If we compare video memory to a "warehouse", HBM is like a three-dimensional warehouse built at an ultra-wide high-speed intersection, with the advantages of extremely high bandwidth and fast data access, but it is expensive, and the advanced packaging capacity is concentrated in a small number of manufacturers such as TSMC, leading to tight supply. In comparison, the bandwidth of a single LPDDR chip is lower than that of HBM, but its capacity can be made larger, the cost is lower, and the supply chain is more reliable.
As the tasks processed by Agents become more and more complex, apart from computing speed, whether the video memory can accommodate the model, long contexts and temporary memory during operation, is becoming the key to inference efficiency. After expanding the "warehouse" capacity with LPDDR, and then reducing the amount of data that needs to be transferred for each token through low-precision computing, the overall inference efficiency can be better.
Apart from technology, in terms of independent and controllable supply chain, some of CXMT's LPDDR5X products have entered mass production in 2025, and the R&D of the next-generation LPDDR6 is nearing completion, which means domestic storage manufacturers have had initial supply capacity. For domestic inference chip companies that also adopt this route, they do not have to fully rely on overseas supply chains in the storage segment.
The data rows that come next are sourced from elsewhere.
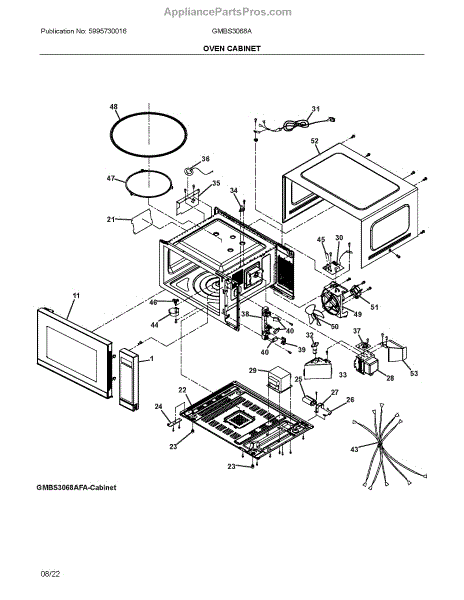 This bracket secures a component or panel within the appliance to keep it aligned and stable during operation. Replacing a cracked or missing bracket restores proper support and helps prevent vibration, rattling, or shifting.
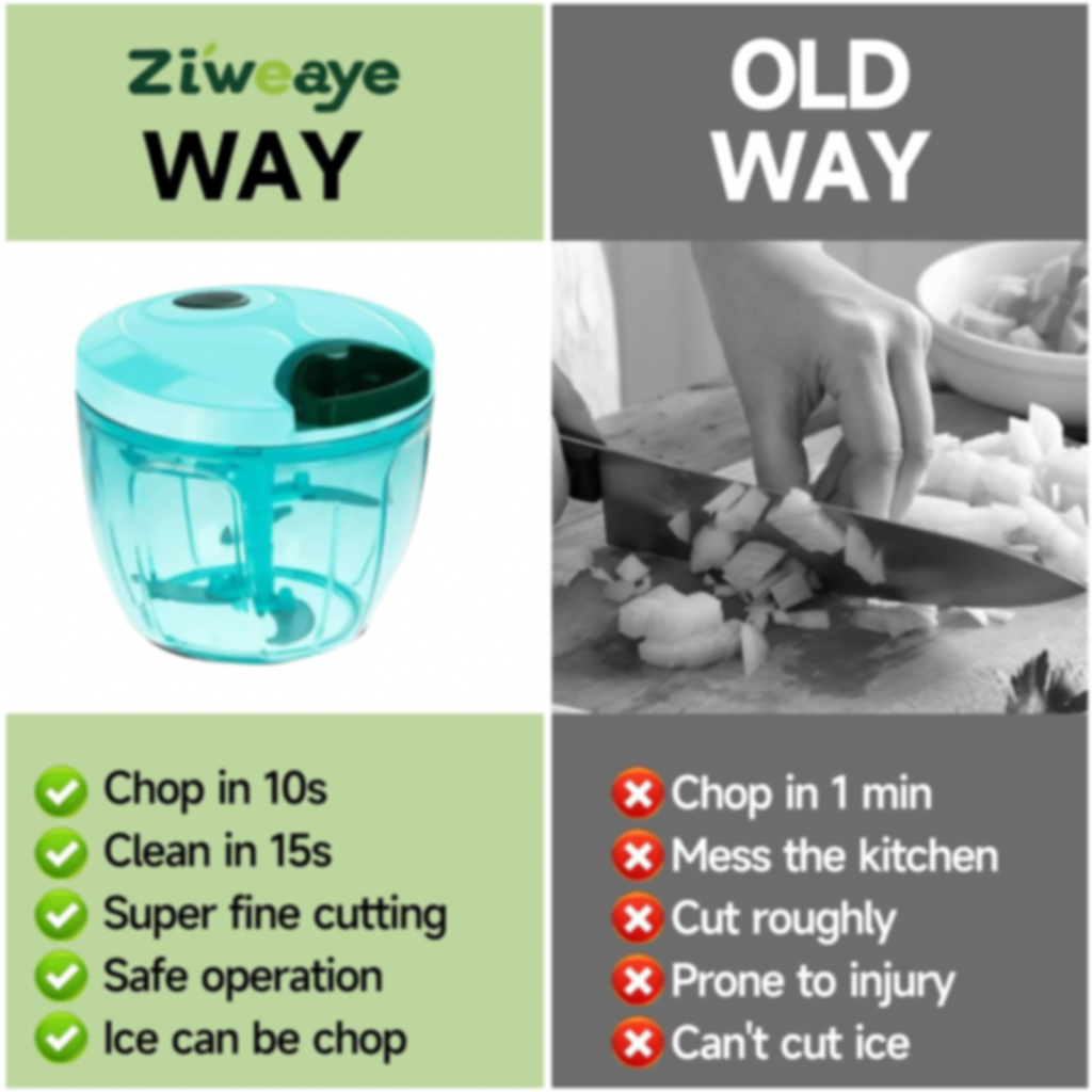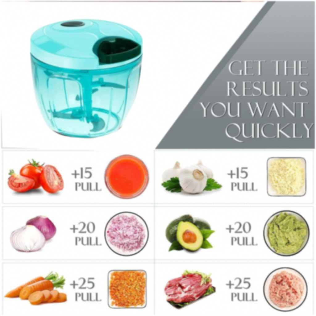 - Save your cooking time: only few pulls, you can chop the vegetables into small pieces!
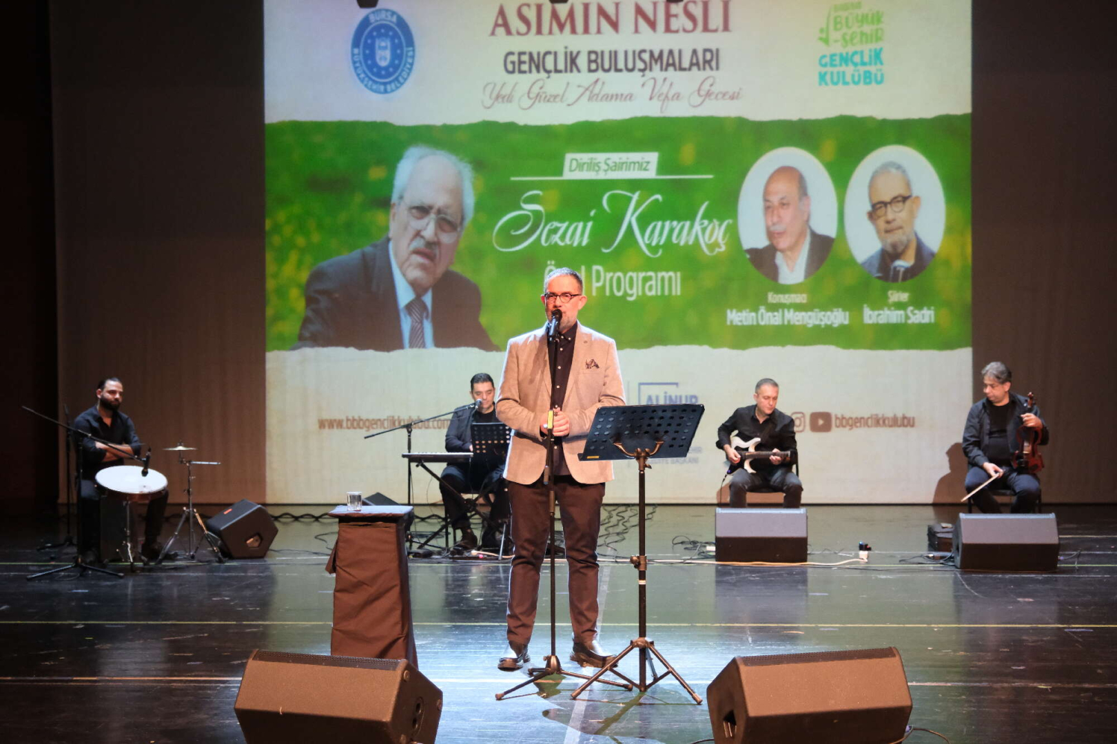 Bursa Büyükşehir Belediyesi’nin periyodik olarak düzenlediği “Asım’ın Nesli Gençlik Buluşmaları” projesi kapsamında 7 Güzel Adam’a Vefa Gecesi programının bu ayki konusu merhum ‘Diriliş Şairi’ Sezai Karakoç oldu. Şair İbrahim Sadri ve Metin Önal Mengüşoğlu’nun üstadın fikirlerini ve şiirlerini konuştuğu etkinliğe Büyükşehir Belediyesi Başkanvekili Fethi Yıldız ve çok sayıda genç katıldı.
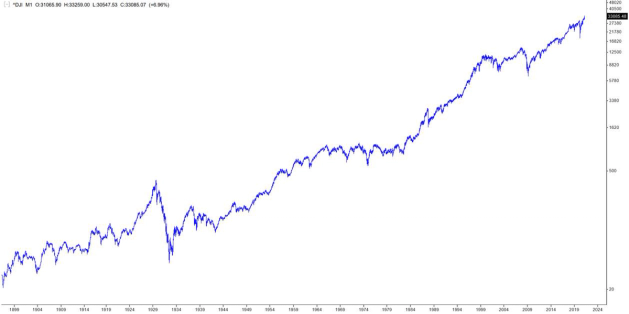Można na poniższy wykres najważniejszego rynku świata obejmujący ponad 120 lat popatrzeć jak na linię pokazującą trend wzrostowy kursów akcji. Ale można też popatrzeć jak na dowód nieustającej ludzkiej kreatywności i zaradności.
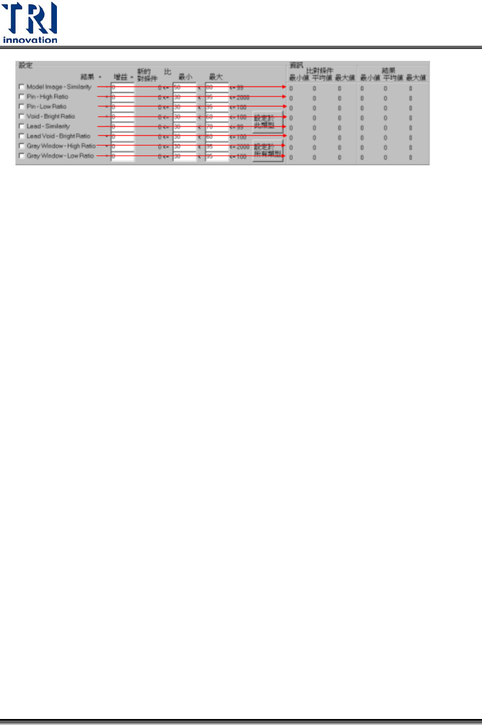 z 勾選區 – 勾選的檢測參數表示要改變的參數
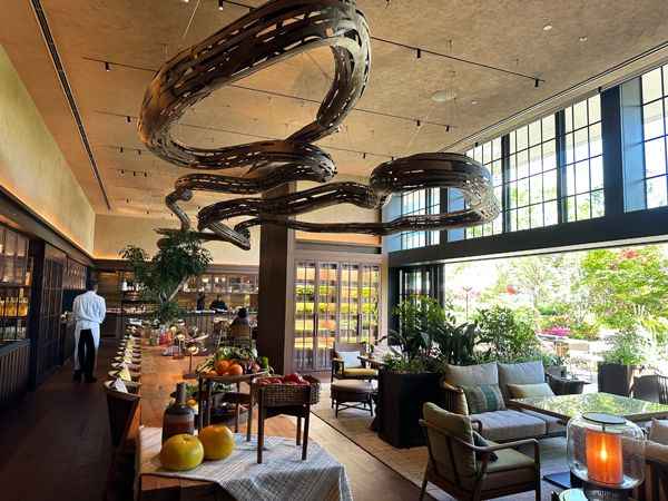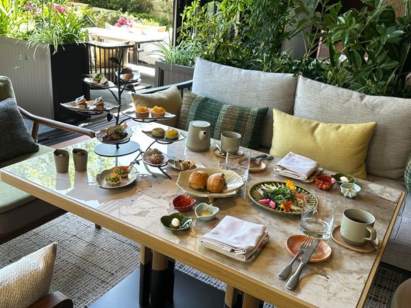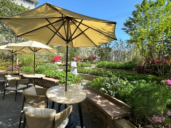 その1つ、1階エントランスを入ってすぐのシグネチャーレストラン「P72(ピーセブンティートゥー)」では、日本古来の暦「七十二候」をコンセプトに、季節の食材を使ったメニューを提供。料理の7割はプラントベースで、店内の水耕栽培ポットや、開放感ある屋外のテラス席の奥にあるガーデンでは、フレッシュなハーブが育てられています。
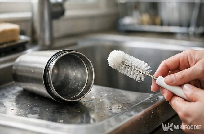 미끈한 느낌이 있거나 냄새가 날 때에는 식초를 활용하는 방식이 도움이 된다. 물과 식초를 섞어 텀블러 안에 붓고 잠시 두면 내부에 남은 막이 느슨해진다. 이 상태에서 병 솔로 벽면을 문지르면 잔여물이 쉽게 떨어진다. 식초 사용 후에는 반드시 물로 충분히 헹군다. 식초 냄새가 남지 않도록 헹굼 횟수를 늘리는 것이 좋다.
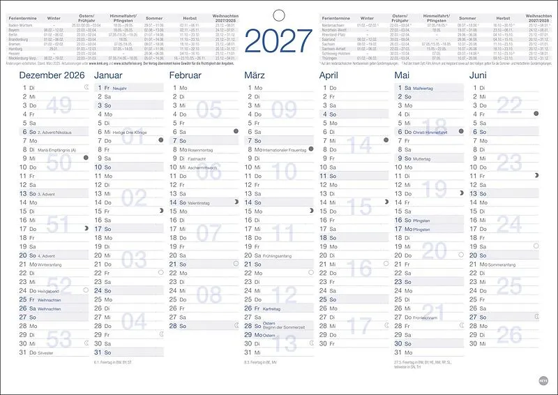 - Für den schnellen Überblick: Kalender 2027 mit Schulferien und genügend Platz für Eintragungen - Büro-Organisation, Meetings und Co: Mit dem Kalenderposter 2027 im handlichen A4-Format sind alle Termine fest im Blick - Volle Konzentration auf das Wesentliche...
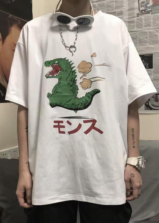 T Print Neck Shirts Sleeve Men Loose O White Half Cotton
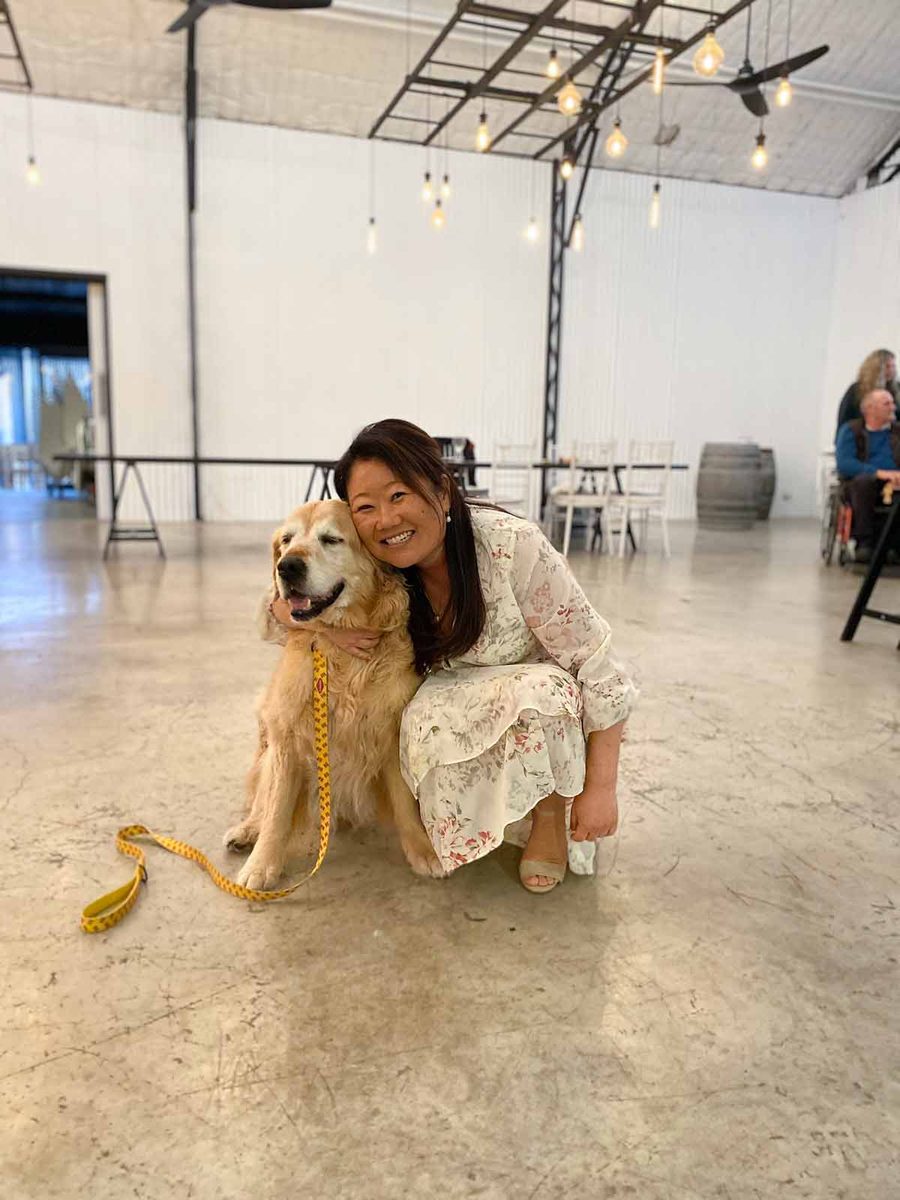 And here I am doing a talk during lunch with Rebecca Saunders, a professional speaker in Mudgee. Dozer is under the table, waiting for food scraps. 😂

Since the end of last year, Moore Threads, Mthreads, Biren Technology and other companies have been listed one after another, and the pipeline of to-be-listed companies also includes Enflame Technology, Kunlunxin and other players. Inference computing power is still a bottleneck in the AI industry chain. Entrepreneurship focused on dedicated inference architectures, processing-in-memory, and computing power scheduling remains very active, with capital and talents continuing to pour in. However, after the boom, capacity release and technical route differentiation will push the industry into a performance realization phase.
Sunrise is right at this turning point.
The mass production of two generations of chips has provided sufficient engineering experience, and the differentiated route bet on by S3 is also showing new value at a time when the industry is competing for "unit token cost". But at present, the innovation is only half completed. Whether this technical combination can perform stably in large-scale delivery, and whether the cost curve of millions of tokens can decline as expected, the remaining half of the answer will be left to the market.